Edited excerpts from a chat with Anand James, Chief Market Strategist, Geojit Investments Limited:
Hopes of a Santa rally are looking dim after the penultimate week of 2025. How would you trade the last weekly expiry of the year?
The decline from the vicinity of the record peak was not unexpected, and hence it would be premature to count last week’s decline as the start of a major fall. Further, this is the first Friday among the last three, when we have had a decline in Nifty. This ensures that we would be entering the last week of the year on a relatively lower base. A regrouping of the bulls may be expected, once in the vicinity of 26,000, which, if successful, could turn into a vertical recovery aiming 26,550-850. Supports close by are at 25,935 and 25,850, a break of which would expose 25,740-650.

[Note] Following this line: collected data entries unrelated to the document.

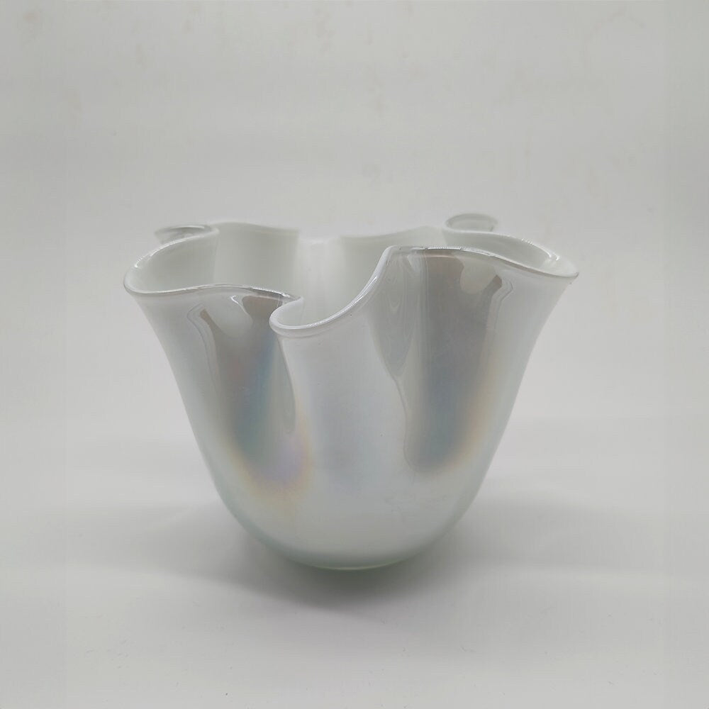 Vintage Jacketed Pearl White Fazzoletto Vase in Murano Glass - 1960s
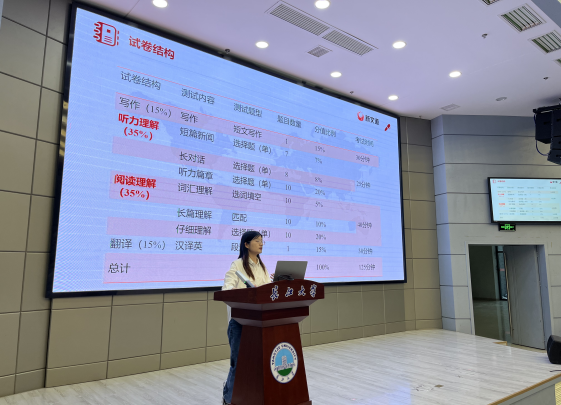 (通讯员 刘家玉)为提升公司22级员工英语水平,掌握英语四级阅读板块解题技巧,助力员工冲刺英语四级考试。4月10日晚18:30,公司于伟德国际1949官网武汉校区学术报告厅举行英语四级阅读技巧专题讲座。本次讲座由新文道英语名师段依莎主讲,学工办姚佳老师、黄瑱老师出席,2022级357名本科生全员参与。
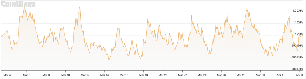 Bitcoin mining difficulty dropped from approximately 145 trillion to 133 trillion on March 20-a 7.7% decline-while network hash rate fell from 1,160 exahash to roughly 990 exahash as of Friday.
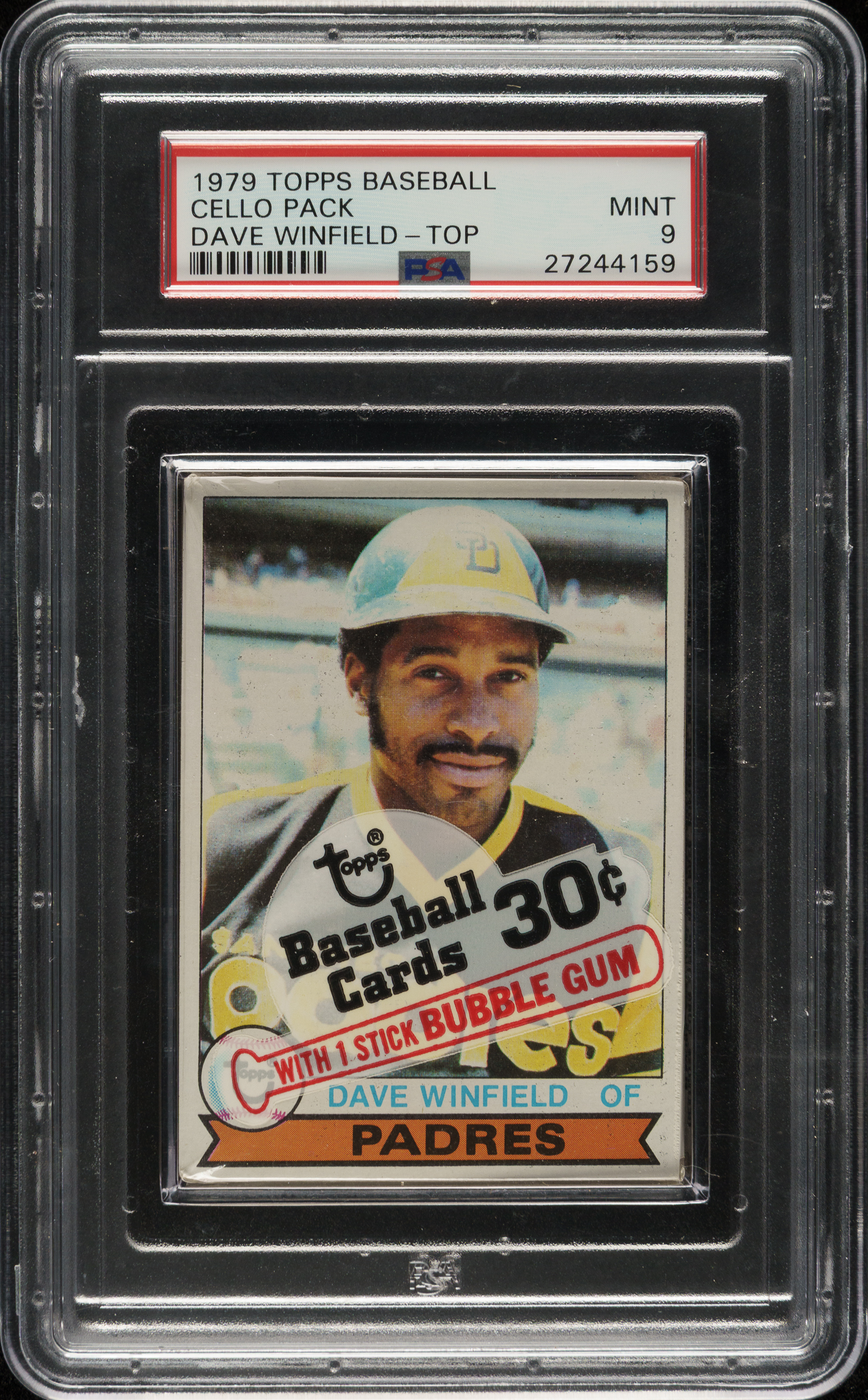 Lot # 3715: 1979 Topps Unopened Cello Pack PSA MINT 9 - Dave Winfield on Top
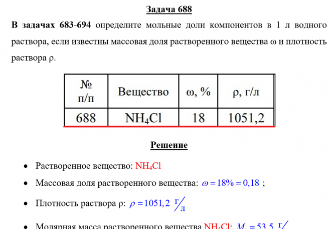Задача 688 - определите мольные доли компонентов в 1 л водного раствора, если известны массовая доля растворенного вещества ω и плотность раствора ρ.
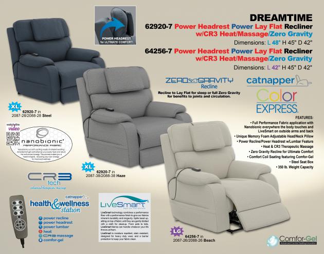 Dreamtime 2920 Power Headrest Power Lay Flat Recl w/CR3 Heat/Massage/Zero Gravity
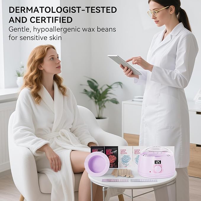 Digital Wax Warmer - Beginner-Friendly Waxing Kit with Smart Temp Control, 6 Packs (3 Colors) Wax Beads for Targeted Hair Removal - Ideal for Body, Bikini, face, Home Salon Use
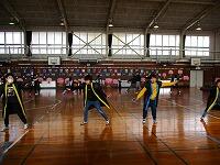子どもたちが練習をしています。1回戦目は,子どもたちが跳びます。
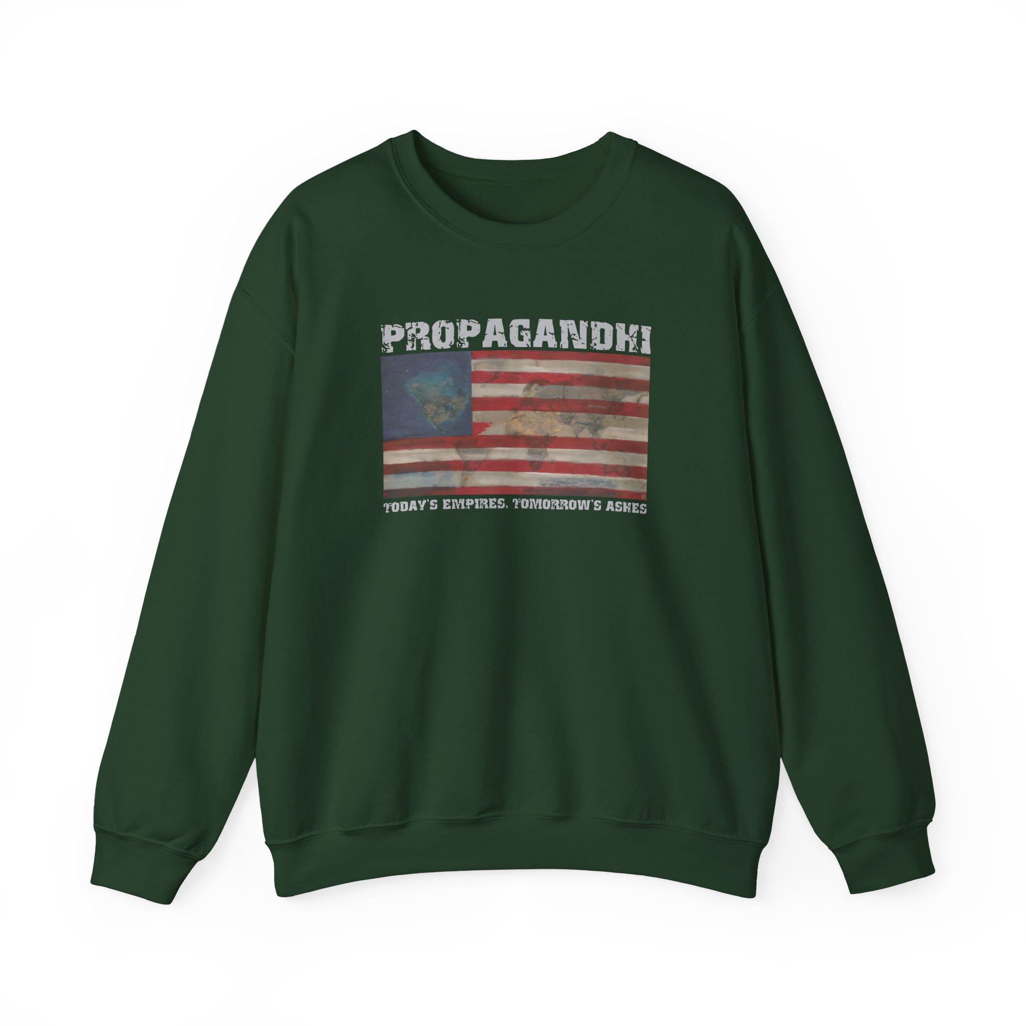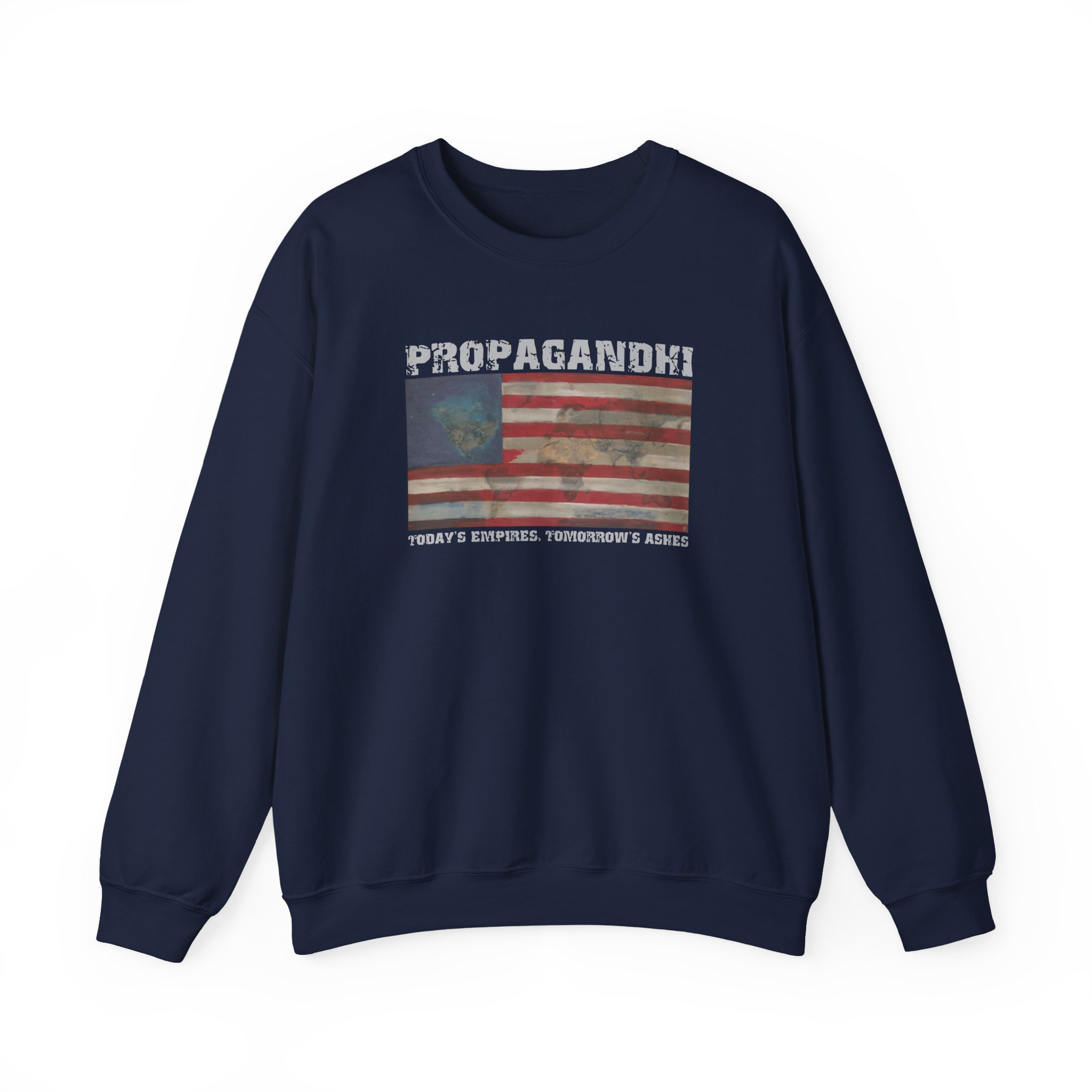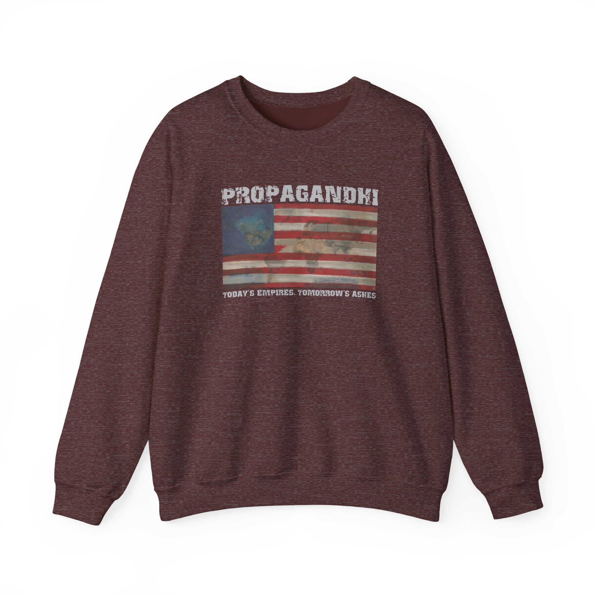 Ideal for any situation, a Propagandhi Today's Empires Tomorrow's Ashes unisex heavy blend crewneck sweatshirt is pure comfort. These garments are made from polyester and cotton. This combination helps designs come out looking fresh and beautiful. The collar is ribbed knit, so it retains its shape even after washing. There are no itchy side seams on these sweaters.

How have FIIs positioned themselves for the January series, and do you think Nifty is up for a bounce in the first month of 2026?
FIIs hold only 11.1% of their index futures positions as long, with no clear signs of turning bulls. In fact, though FIIs were seen adding longs mid-week, the trend was reversed on Friday, having cut longs by 7.5%, while adding index future shorts by 5.6%. While there are no outright signs of FIIs turning buyers, it is to be noted that last week ended with higher longs and lower shorts than the previous week, raising hopes of buying support from FIIs.
Defence stocks have been getting some attention in the last few days. Do you think that the rally will sustain, and one can ride the tide?
The Nifty India Defence Index rebounded strongly from the 7,400 horizontal support zone, forming a weekly pattern resembling a Morning Star, a classic reversal signal. The index closed above key levels, including the Supertrend at 7,750 and the 20DMA at 7,679, reinforcing positive sentiment. From a derivatives perspective, while Friday saw long unwinding in most stock futures, weekly data indicates short covering, aligning with a short-term bullish outlook.
On the stock front, names like HAL, BEL, Solar Industries, Mazagon Dock, GRSE, and BDL have posted robust weekly reversal patterns, suggesting continuation of the prior uptrend. This momentum could propel the index toward 8,050 and 8,300 in the short to medium term.